Docking simulations of compounds 3 and 4 were carried out according to the method described previously [37, 38]. The energy minimized structure of compounds 3 and 4 was sketched with ChemDraw Ultra (2D and 3D). The coordinates of compounds 3 and 4 was checked using PRODRG program [39] for generating molecular topologies. The three-dimensional structures of target protein function as a receptor (PDB: 1EVE) and was retrieved from the protein data bank. All the heteroatoms coupled with proteins including water molecules, bound ligands and any co-crystallized solvent were discarded from the PDB file and the missing assignments like proper bonds, bond orders, hybridization and charges were assigned using the Molegro Virtual Viewer [40]. PATCHDOCK [41], iGEMDOCK [42] and Acceryl Discovery Studio 4.0 Client [43] were employed to evaluate the molecular docking, energy profile and visualization of compounds-receptor interactions, respectively.
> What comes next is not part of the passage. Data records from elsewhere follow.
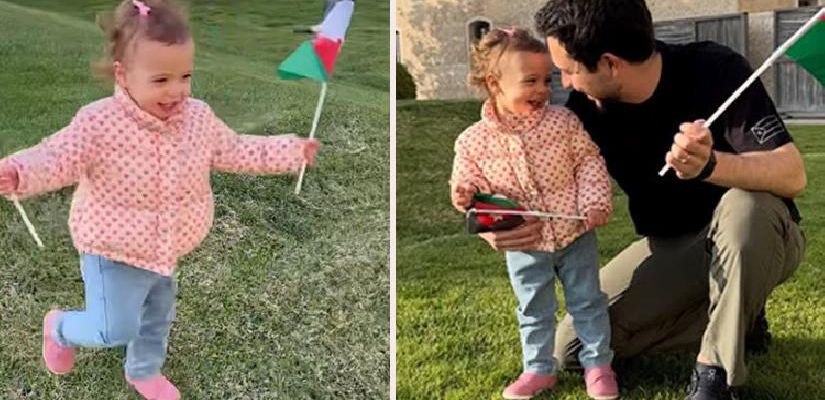 Ellerinde ülkelerinin bayraklarını tutan baba kızın birbirine bakışları da minik İman’ın babasına yanlışsız koşması da Hüseyin’in toplumsal medya takipçilerinden beğeni aldı.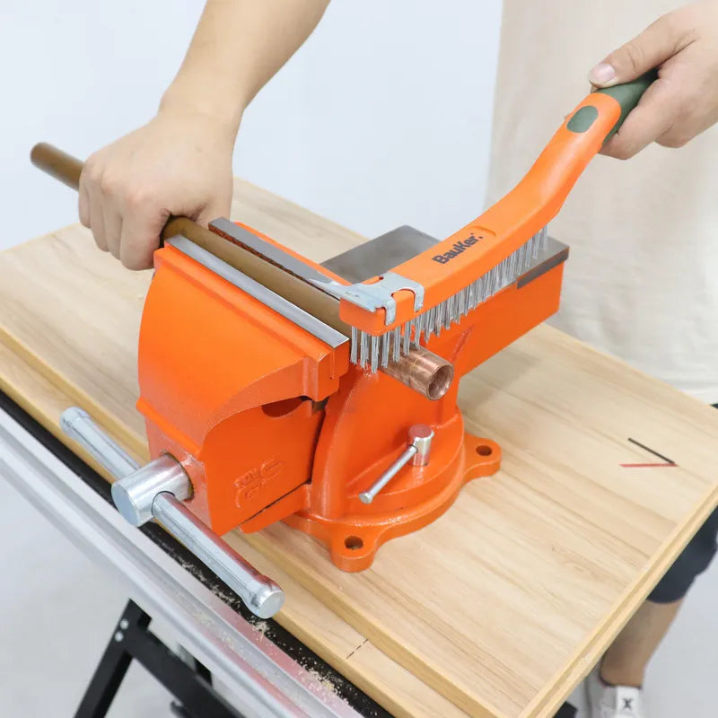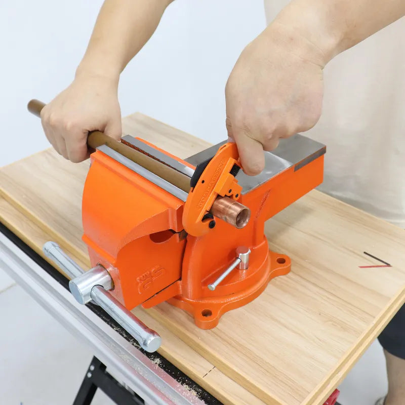 Dale vida a tus proyectos con el Tornillo de Banco Bauker de 6", ¡tu aliado perfecto para trabajos profesionales! Su diseño robusto en acero inoxidable y color naranja vibrante, te ofrece una capacidad de apertura de 150 mm, ideal para sujetar firmemente tus piezas. Con su giro de 360° sobre su eje, tendrás total control y comodidad durante tus tareas. No esperes más para tener la herramienta que necesitas para tus proyectos.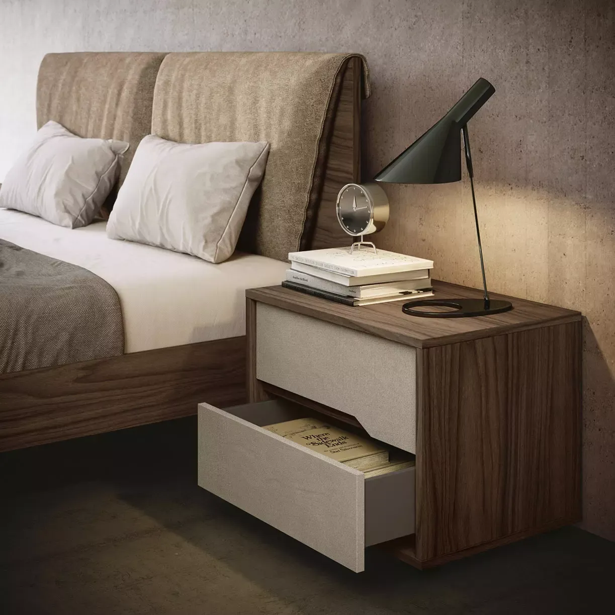 I comodini presentano due gole nei frontali in finitura Noce moro, che riprende la struttura, mentre i frontali sono in Argilla. La coppia di comodini a due cassetti può essere personalizzata nelle finture, è possibile sostituire la tinta sia di struttura che frontali per creare una combinazione adatta ai propri gusti.

3.9 In Vivo Cytotoxicity Assay

Brine shrimp lethality bioassay is commonly used in the bioassay for the bioactive compounds [44, 45]. The in vivo cytotoxicity assay was performed on brine shrimp nauplii (Artemia salina) in accordance with the Mayer method [46]. The egg of brine shrimp were hatched in a tank filled with artificially prepared sea water (brine, 3.8 % NaCl) exposed to incandescent light. Air was supplied at the bottom of the tank with the help of air supplier fitted with tube to keep the shrimps in uniform motion. The assay was performed 24 h after hatching and no food supplement was given during the hatching and experimental periods. A test sample (5.0 mg) was dissolved in 1 mL DMSO to obtain stock solution of 5 mg/mL. Different concentrations of test samples were obtained from stock solution and placed in separate vials, and the volume of each vial was made up to 5 mL with brine to obtain the desired final concentrations (10, 20, 40, 60 and 80 µg/mL). The negative control was prepared in the same manner without the samples. Vincristine sulphate was used as a standard anti-cancer drug. Thirty brine shrimp nauplii were then placed in each vial. After 24 h of incubation, the vials were observed using a magnifying glass, and the number of survivors in each vial were counted and noted. The LD50 values were calculated using the plot of percentage of mortality and logarithm of concentration. All tests were performed in triplicate and expressed as mean.

4 Conclusion

This is the first report of the isolation of these four compounds from Clutia lanceolata leaves viz. 3,4-dihydroxy-2-methylbenzoic acid (1), 2,2′-dihydroxy-1,1′-binaphthyl (2), 1,3,8-trihydroxy-6-methylanthracene-9,10-dione (3) and 5-hydroxy-1,7-bis(4-hydroxy-3-methoxyphenyl)hepta-1,4,6-trien-3-one (4). Molecular structure of compounds 2 and 4 was authenticated unambiguously by X-ray crystallography and DFT studies. All the isolated compounds (14) showed significant activity for cytotoxicity and AChE inhibition assay. Compound 4 showed significant lethality to the brine shrimp nauplii. As far as AChE inhibition concerned, compounds 3 and 4 acted as potent enzyme inhibitors. Molecular docking study validated the binding pattern and extent of binding of compounds 3 and 4 with the target enzymes.